Yes—it is that time of year again when we vow to make important changes in our lives. I cheer for you—even if making New Year’s resolutions may not be the only—or necessarily the best—time to make them.
Why? The New Year is one of those emotionally powerful dates that can motivate us. But it can also demotivate us. Here are the top reasons that our New Year’s resolutions don’t tend to hold up for very long. As you read them, jot down the ideas that pop into your mind.
Why Making New Year’s Resolutions Often Doesn’t Work
1. We Accept Defeat Before Starting
We’ve heard too often that we tend to break these resolutions by the end of January—and sometimes much sooner. This information seeps into our brains and gives us unconscious permission and acceptance to break them.
Instead: Well, go ahead for now to make resolutions. But it might be easier and more meaningful if, in the future, you make them on your birthday!
2. We Make Too Many Resolutions
Changing our thoughts, feelings and behavior about just one thing we don’t like in our lives is not easy. Imagine the difficulty of a complete overhaul!
Instead: Pick one resolution that bothers you the most.
3. We Make Big, Unspecific Resolutions
Some too big of a resolution are losing weight, falling in love, going back to school, breaking up. None of these resolutions are bad, but they each require small steps before implementing. Yes, it’s great to lose weight if you need to, but you need to select the beginning steps as your resolution. For example, better resolutions might be to make an appointment with your primary physician.

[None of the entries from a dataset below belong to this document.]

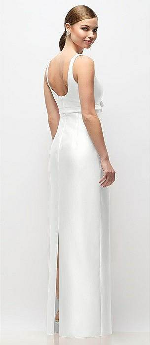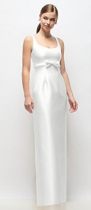Scoop Neck Satin Column Maxi Dress with Bow at Empire Waist in white
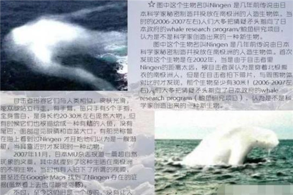 在2002年,南极的探险家们初次探测到了ningen怪物的踪影。目打者在第一眼睹到怪物时,与怪物的隔绝很远,因此,目打者起初只以为这个怪物是南极洲原地的人,不过其衣着北极熊的外衣干假装,因此才会浮现特殊异的体态特性。然而是目打者仍用相机将这个不明生物的局面记载了下来,便在目打者拍摄下照片后,其便觉得差错于劲。
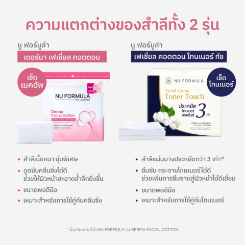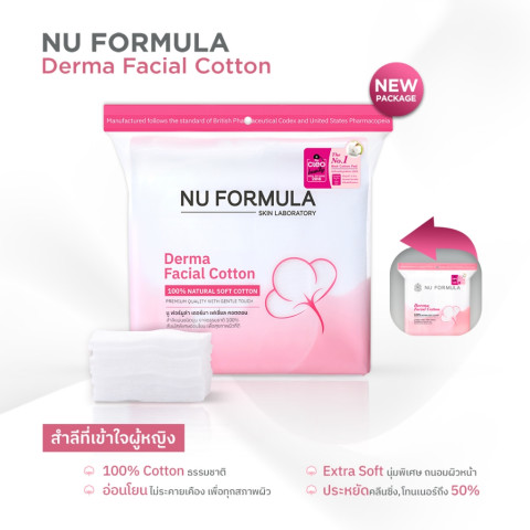 [แพ็คคู่] Nu Formula Derma Facial Cotton 200 pcs. สำลีแผ่นเช็ดหน้าเกรดพรีเมียม เนื้อนุ่มพิเศษจากใยฝ้ายธรรมชาติ 100% ช่วยทำความสะอาดผิวหน้าและเช็ดเครื่องสำอางได้อย่างหมดจดแบบอ่อนโยน ไม่บาดผิว ไม่ระคายเคือง และไม่เป็นขุยง่าย เหมาะสำหรับทุกสภาพผิว แม้ผิวบอบบาง

Instead: Think big at first about a resolution—and then think small by listing all the steps you will need to take. No step is too small. It might be not eating dessert except on Thursday night—and then keeping the portion small! I prefer midweek resolutions because we tend to fall back on our old habits during our usually unstructured weekends.

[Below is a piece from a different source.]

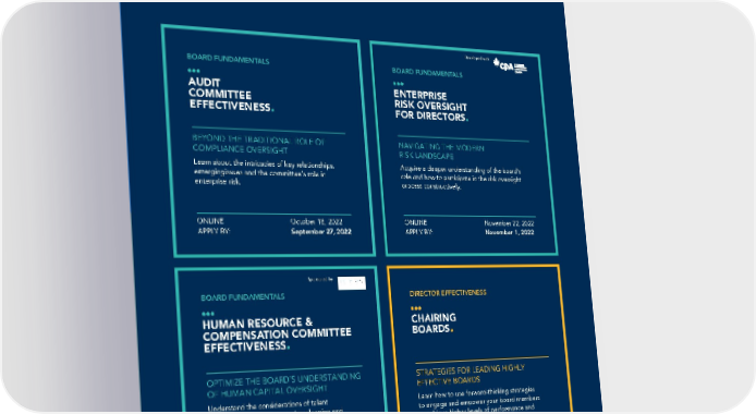 Explore these upcoming ICD courses. ICD is committed to providing directors with multi-faceted learning forums to advance their governance knowledge and build the necessary skills to enhance their contributions in the boardroom. Scholarship supported by: Developed with: BUSINESS SCHOOL BUSINESS SCHOOL PARTNER PROGRAMSPARTNER PROGRAMSBOARD FUNDAMENTALS BOARD FUNDAMENTALS ICD-ROTMANICD-ROTMANAUDIT ENTERPRISE BOARD DYNAMICS NFP PROGRAM.COMMITTEE RISK OVERSIGHT FOR EXECUTIVES. EFFECTIVENESS. FOR DIRECTORS. ed trademark of Royal Bank of Canada. MAXIMIZE YOUR IMPACT IN THE BETTER SERVE YOUR NOT-FOR-PROFIT BEYOND THE TRADITIONAL ROLE OF NAVIGATING THE MODERN BOARDROOMAND ITS MISSIONegisterCOMPLIANCE OVERSIGHT RISK LANDSCAPE Better understand the boardroom dynamics, build Identify best practices in governance while Learn about the intricacies of key relationships, Acquire a deeper understanding of the board’s stronger alignment and improve organizational developing tangible skills that can be applied emergingissues and the committee’s role in role and how to participate in the risk oversight decision making amongst boards and immediately.enterprise risk. process constructively. management teams. ® [The RBC Foundation] is a rUsed under license. ONLINEOctober 12, 2022ONLINEOctober 28, 2022ONLINE October 18, 2022 ONLINE November 22, 2022 APPLY BY: September 29, 2022APPLY BY: October 3, 2022APPLY BY: September 27, 2022APPLY BY: November 1, 2022 A limited number of scholarships are available. Sponsored by: ISSUES OVERSIGHTISSUES OVERSIGHTBOARD FUNDAMENTALS DIRECTOR EFFECTIVENESS DIGITAL BOARD HUMAN RESOURCE & CHAIRING TRANSFORMATION OVERSIGHT OF COMPENSATION COMMITTEE BOARDS. FROM THE BOARDROOM.SOCIAL ISSUES.EFFECTIVENESS. ADD STRATEGIC VALUE TO THE CONNECTING SOCIAL ISSUES AND OPTIMIZE THE BOARD’S UNDERSTANDING STRATEGIES FOR LEADING HIGHLY DIGITAL TRANSFORMATION PROCESS STRATEGY IN THE BOARDROOMOF HUMAN CAPITAL OVERSIGHT EFFECTIVE BOARDS WHILE FULFILLING THE BOARD’S Acquire practical insights and a greater Understand the considerations of talent Learn how to use forward-thinking strategies OVERSIGHT DUTIESunderstanding of a board’s role in oversight of management, CEO, succession planning and to engage and empower your board members Understand the board’s role in establishing the social issues. executive compensation, as well as increased scrutiny to achieve higher levels of performance and digital transformation vision, ambition and roadmap.of these issues by stakeholders.contribution. ONLINENovember 23, 2022ONLINENovember 17, 2022ONLINE October 19, 2022 ONLINE November 17, 2022 APPLY BY: November 2, 2022APPLY BY: October 27, 2022APPLY BY: September 28, 2022APPLY BY: October 27, 2022 FOR THE FULL RANGE OF COURSES INCLUDING THE ICD-ROTMAN DIRECTORS EDUCATION PROGRAM, VISIT ICD.CA/CALENDAR NOT SURE WHICH COURSE IS THE RIGHT FIT FOR YOU? CALL 416.593.3349 FOR A PERSONAL CONSULTATION.

4. We Keep Our Resolutions Private And/or Do Not Recruit Family, Friends or Co-Workers for Support
Building social support, especially for big changes, is vital to keeping on track. These people can serve as your team to cheer and guide you.
Instead: Create a buddy system where you tell others about your resolution. Let them know clearly that you want them to be your reminders when you veer off course.
5. We Give Up Too Easily
We all tend to break our promises to ourselves. Obviously, we wouldn’t need to make these promises if we automatically did what is best for us.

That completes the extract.